Totally confused by all the tools for managing dependencies? Pip, venv, Docker, conda, virtualenvwrapper, pipenv, … Which one should you use? Why do we even have all these different tools? Can they work together?

No wonder. The world of Python dependency management is a mess, but once you understand the tools and why they exist, it’s going to be easier to choose the one you want and deal with the others in environments where you can’t choose your favorite ones.

I’ll briefly describe each tool , why it’s created and the problems it’s tackling. At the end of the post, you can find a table summarizing all the information and the usual setups people use.

Jump to: pip | venv | pip-tools | pyenv | conda | pipenv | poetry | Docker.
All solutions compared | Usual setups

pip

Pip (package installer for python) is the most basic package installer in the python land. It comes preinstalled with most python installations so it’s likely you never had to install it yourself.

Installing a package is as simple as running pip install torch. That command talks to PyPI (The Python Package Index), downloads the package, and makes it available to the current python installation.

It’s a very primitive tool.
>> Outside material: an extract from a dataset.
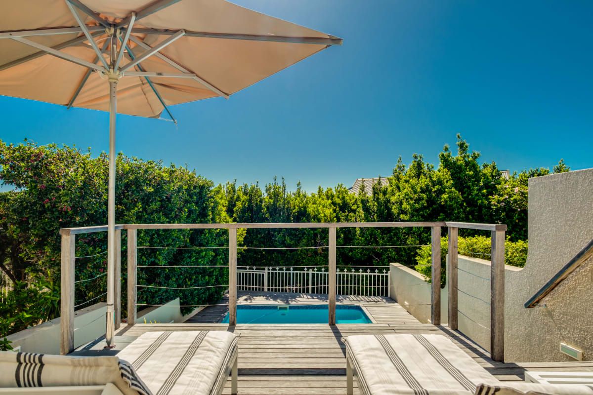 Inside, neutral decor and floor-to-ceiling windows create a bright, cheerful feeling from the moment you enter the door, and we love the sliding patio doors opening the living space up the sunny deck. With a covered dining table and a barbecue, it's the dream spot for evening meals as the sun sets. Follow the steps down to a lower level for comfy sun loungers and down again to your own pool.

It knows nothing about different python versions or Jupyter kernels.

Problems pip solves:

  • Installing python packages

venv

venv is a tool for creating lightweight virtual environments.

The most common use case is creating an environment per app. It makes sure apps don’t share packages between themselves and they don’t share packages with the system’s python installation. Each environment can use any version of the same package and they won’t collide.

Problems venv solves:

  • Isolating packages between apps

How do venv and pip interact?

They’re both the part of standard python tooling, tackle very different problems, and play together really well. You’re encouraged to use pip for installing packages within virtual environments.

pip-tools

pip-tools is packaging two different tools: pip-compile and pip-sync.

They’re relatively simple, but tackle a very important problem - keeping your environment reproducible and consistent. People who care about it the most are production engineers.

The most common way to define dependencies is to create a requirements.txt file and list them with specific versions. These dependencies often have other dependencies not listed in requirements.txt.

Unlisted dependencies cause several problems. The most common one is running different package versions in different environments (1). The second most common is running different environments, depending on the time you’ve created them (2). Both eventually lead to the app breaking inconsistently (e.g. uninstalling a package will leave its dependencies in the existing environment, but they won’t exist if I create a new environment and install everything from requirements.txt).

Pip-compile takes setup.py/requirements.in file and compiles a requirements.txt with all dependencies locked to specific versions. Some tools (npm, yarn, bundle) call it a lockfile. It solves the first problem I’ve described.

Pip-sync takes a compiled requirements.txt and ensures that your current environment has exact versions and only packages defined in the requirements.txt. It solves the second problem I’ve described.

Problems pip-tools solve:

  • Environment reproducibility

How does pip-tools interact with pip and other tools?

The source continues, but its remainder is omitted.